業務改善につながる正しい仕事の振り返りとは

ビジネスにおいて振り返りは欠かすことのできない大切な作業です。個人の振り返りについてはPDCAサイクルが有名ですが、今回はチームにおける振り返りに適した手法であるKPT法についてご紹介していきます。

なぜ振り返りが必要なのか?

なぜ振り返りが必要なのか?

振り返りをすることで過去の出来事を評価でき、自己理解が深まるため、過去を正確に評価することで次の目標に挑める状態を作り、確実にステップアップできるようになります。課題や弱点と冷静に向き合うきっかけにもなるので、継続的成長をしていくためには振り返りは必須行動といえます。

効果的な振り返りにはフレームワークの活用が必須

効果的な振り返りにはフレームワークの活用が必須

1.代表的フレームワークであるPDCAサイクルとは?

PDCAサイクルとは、Plan(計画)→Do(実行)→Check(評価)→Action(改善)を回していく手法で、現状の課題や目標を認識し、適した行動を設定し行動と反省を繰り返すことのできるサイクルです。課題の本質から逸れずに課題に向き合っていける社会で広く活用されている振り返りメソッドです。
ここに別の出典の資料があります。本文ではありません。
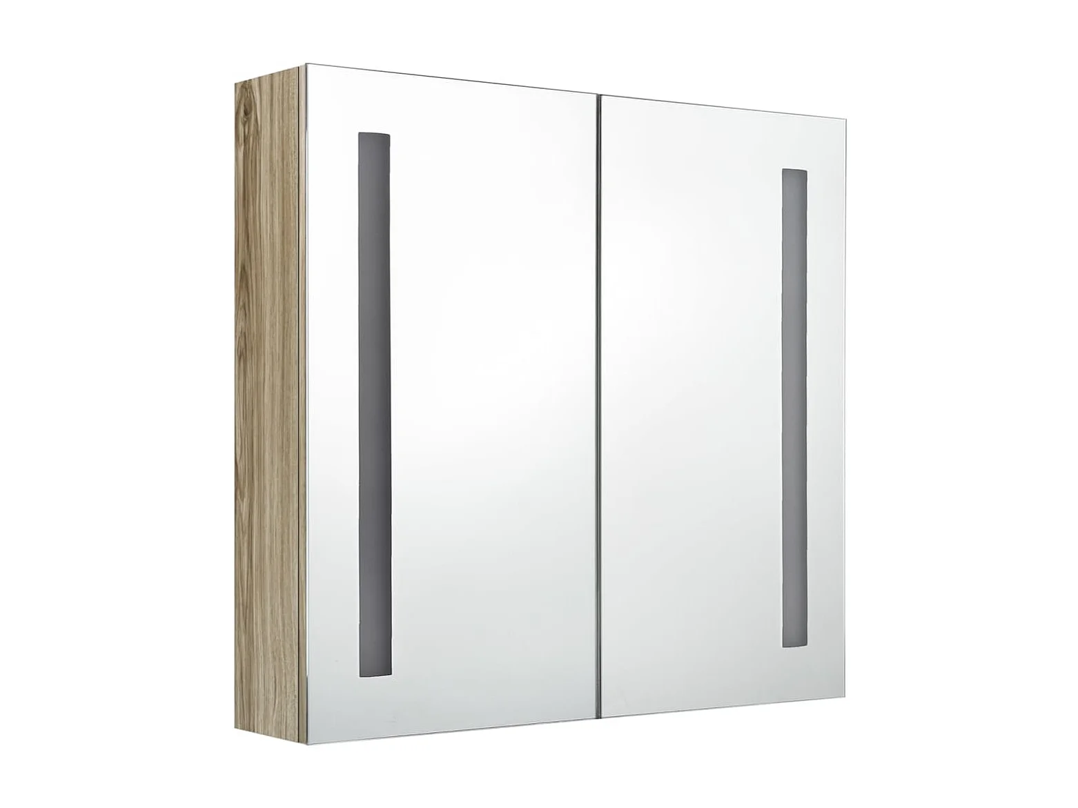 Armoire de salle de bain à miroir LED Chêne 62x14x60

個人ベースで行うならばPDCAサイクルも悪くありませんが、今回はチームで業務改善を実施するという観点からKPT法をお勧めします。

2.KPT法とは

KPTとは、「Keep(続けるべきこと)・Problem(課題)・Try(次にすること)」の頭文字を取った略称です。チームで振り返りをする場合はホワイトボード等を用い、付箋にKeep、Problem、Tryとなる内容を書き貼りだし、それぞれの項目について議論をしていきます。手軽にシンプルにスピード感を持って行うことがKPT法の利点でもあるため、少数でカジュアルに進めていくことが望ましい手法となります。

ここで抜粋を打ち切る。